→ **Assigned task**
Give back every record verbatim, but not the pictures.

(Records drawn from a dataset)

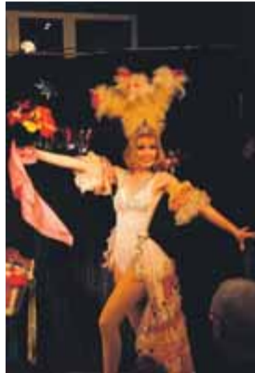
Publika se líbí kouzlení ve stylu brazilského karnevalu.

KARVINÁ – Ve čtvrtek 26. a v pátek 27. února bude poslední příležitost navštívit velkou výstavu modelářů a jejich výtvorů (na snímku) v Galerii Zdravého města ve foyer Slezské Univerzity. Na akci Model Hobby se prezentují také nadšenci z KSVČ Juventus, kteří pracují na šachtách OKD. (uzi)
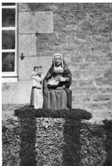
Statue Sainte-Anne, vue générale. IVR53_19913500131V
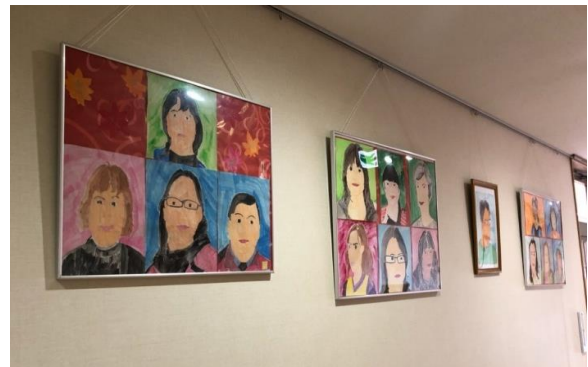
ピクチャーレールが各所にあり、作品がたくさん飾ってあります
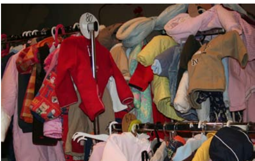
...332 Börsenbesucher wurden bei der 14. Kindersachenbörse fündig.

In der Volksschule Oberalm fand vom 14. bis 15. November 2008 wieder einmal die Kindersachenbörse statt. Dieses Mal war es bereits die vierzehnte ihrer Art. Insgesamt wurden von 208 Lieferanten 5333 Artikel abgegeben und zum Kauf angeboten. Mäntel, Jacken, Schuhe, Pullover, Hosen - alles was den Kindern zu klein geworden ist, oder einfach nicht mehr passte, wurde von den 208 Personen für die Kindersachenbörse zur Verfügung gestellt. Und auch dieses Mal war die Aktion ein voller Erfolg.

→ **Expected answer**
Publika se líbí kouzlení ve stylu brazilského karnevalu.

KARVINÁ – Ve čtvrtek 26. a v pátek 27. února bude poslední příležitost navštívit velkou výstavu modelářů a jejich výtvorů (na snímku) v Galerii Zdravého města ve foyer Slezské Univerzity. Na akci Model Hobby se prezentují také nadšenci z KSVČ Juventus, kteří pracují na šachtách OKD. (uzi)
Statue Sainte-Anne, vue générale. IVR53_19913500131V
ピクチャーレールが各所にあり、作品がたくさん飾ってあります
...332 Börsenbesucher wurden bei der 14. Kindersachenbörse fündig.

In der Volksschule Oberalm fand vom 14. bis 15. November 2008 wieder einmal die Kindersachenbörse statt. Dieses Mal war es bereits die vierzehnte ihrer Art. Insgesamt wurden von 208 Lieferanten 5333 Artikel abgegeben und zum Kauf angeboten. Mäntel, Jacken, Schuhe, Pullover, Hosen - alles was den Kindern zu klein geworden ist, oder einfach nicht mehr passte, wurde von den 208 Personen für die Kindersachenbörse zur Verfügung gestellt. Und auch dieses Mal war die Aktion ein voller Erfolg.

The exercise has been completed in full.